- From: Marc Hadley <Marc.Hadley@Sun.COM>
- Date: Wed, 01 Aug 2007 10:47:40 -0400
- To: Stefan Eissing <stefan.eissing@greenbytes.de>
- Cc: uri@w3.org
On Aug 1, 2007, at 3:26 AM, Stefan Eissing wrote: > > Am 31.07.2007 um 21:30 schrieb Mike Schinkel: >> Stefan Eissing wrote: >>> converter MUST perform path resolution as described in RFC >>> 3986 ch. 5.2.3 and 5.2.4. That will also stop some injections >>> of "." and ".." into URIs while saving the client from >>> worrying to much about double "/" and such. >> >> I read the spec but am one that still has trouble understanding >> portions of >> a spec that do not include examples such as those.

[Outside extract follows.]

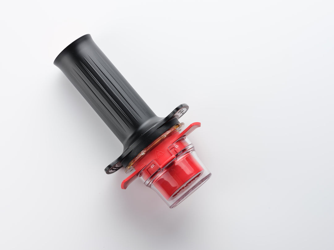A manual grinder works by turning the crank handle to rotate the burr and crush the coffee beans into smaller particles. The grind size can be adjusted by changing the distance between the burrs.

Which of the >> following >> are you saying it should result in? >> >> A.) http://www.example.com/ >> B.) http://www.example.com// > > Clearly A. The path resolution will always make conversions such as: > > // -> / > /./ -> / > /a/../b -> /b > Looking at the referenced sections its not clear to me that // gets converted to /. Can you point me to the step in the algorithm that would accomplish that ? Thanks, Marc. --- Marc Hadley <marc.hadley at sun.com> CTO Office, Sun Microsystems.